Directed by Isabelle Raynauld
After many years at war, the captains of science and religion are finally coming together at conferences and symposia to establish small truces.
Those in lab coats have acknowledged and begun to study mystical experience, while those in robes have conceded that science sheds light on God, revealing God’s beauty and deepening God’s mystery.
It’s a shaky détente, with hard-liners on both sides constantly threatening to take up arms.
Mystical Brain, a short documentary by University of Montreal film historian Isabelle Raynauld, surveys the no man’s land between science and religion, where people from both camps are teaming up to learn how the brain looks during prayer, meditation and other “mystical” practices.
One team, led by University of Montreal researcher Mario Beauregard, records brain waves of praying Carmelite nuns, showing a correlation between states of prayer and certain brain activity. From there, Beauregard leaps to the conclusion that human beings are “defined and controlled” not only by electrical and chemical processes but by spiritual processes, too. (A journalist accuses Beauregard of exploiting science to validate religion — perhaps a fair charge.)
In the materialist camp is the eccentric Michael Persinger of Laurentian University in Sudbury, Ont., who believes religious experiences are neural phenomena. Persinger uses something he calls the God helmet — go-karting headgear rigged up with electromagnets — to induce states of religious epiphany “without the baggage” of institutional religion.
The film also features the work of Richard Davidson, whose team at the University of Wisconsin-Madison has shown, through brain imaging, that physiological changes take place during meditation.
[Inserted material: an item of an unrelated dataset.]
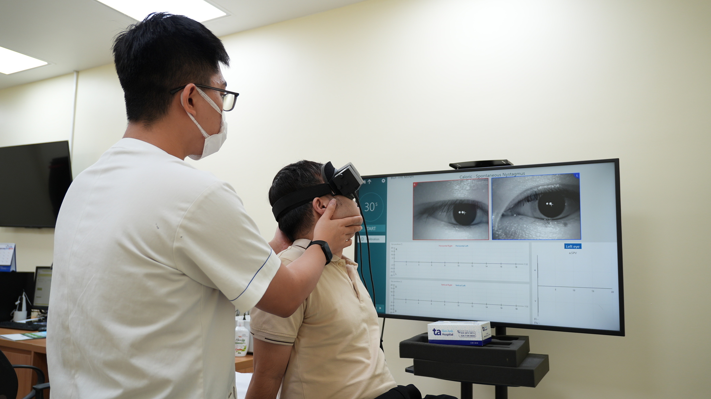 Patients undergo vestibular function testing using videonystagmography (VNG) technology to diagnose Meniere's disease. *Photo: Tam Anh General Hospital* |
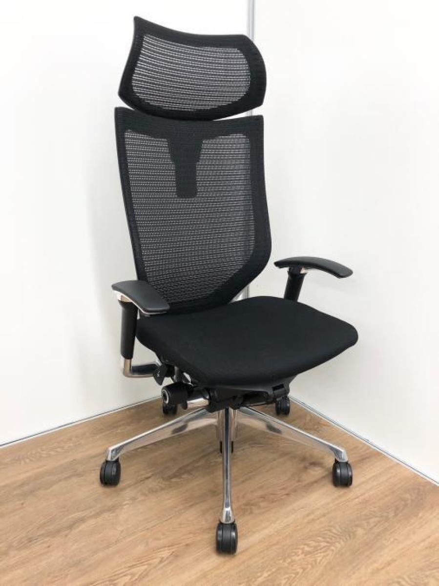 【オフィスの執務室、会議室におすすめ!】■オカムラ(okamura)製 バロン(Baron)チェア 肘付き ハイバック ■背面メッシュ ■座面クッション ■可動肘 ■ヘッドレスト付き ■ブラック【硬めの座面が大人気!国産メッシュチェアの代表格!】【TH】- 春日部・越谷店

Buddhist monk Matthieu Ricard is shown answering questions about meditation while Davidson’s team blankets his naked scalp with dozens of white electrodes.
Mystical Brain is a light introduction to a heavy topic, showing the personalities and perspectives at the centre of the debate over the nature of the soul.
Tufts University philosopher and noted secularist Daniel Dennett, who provides musings throughout, says scientists and spiritualists have in common a passion for understanding. “Science at its best is very spiritual. Very spiritual,” he says, while religion, freed from the bonds of doctrine, is genetic.
Now, if only the warring parties would agree to this in writing.
Drew Halfnight is a writer in Guelph, Ont.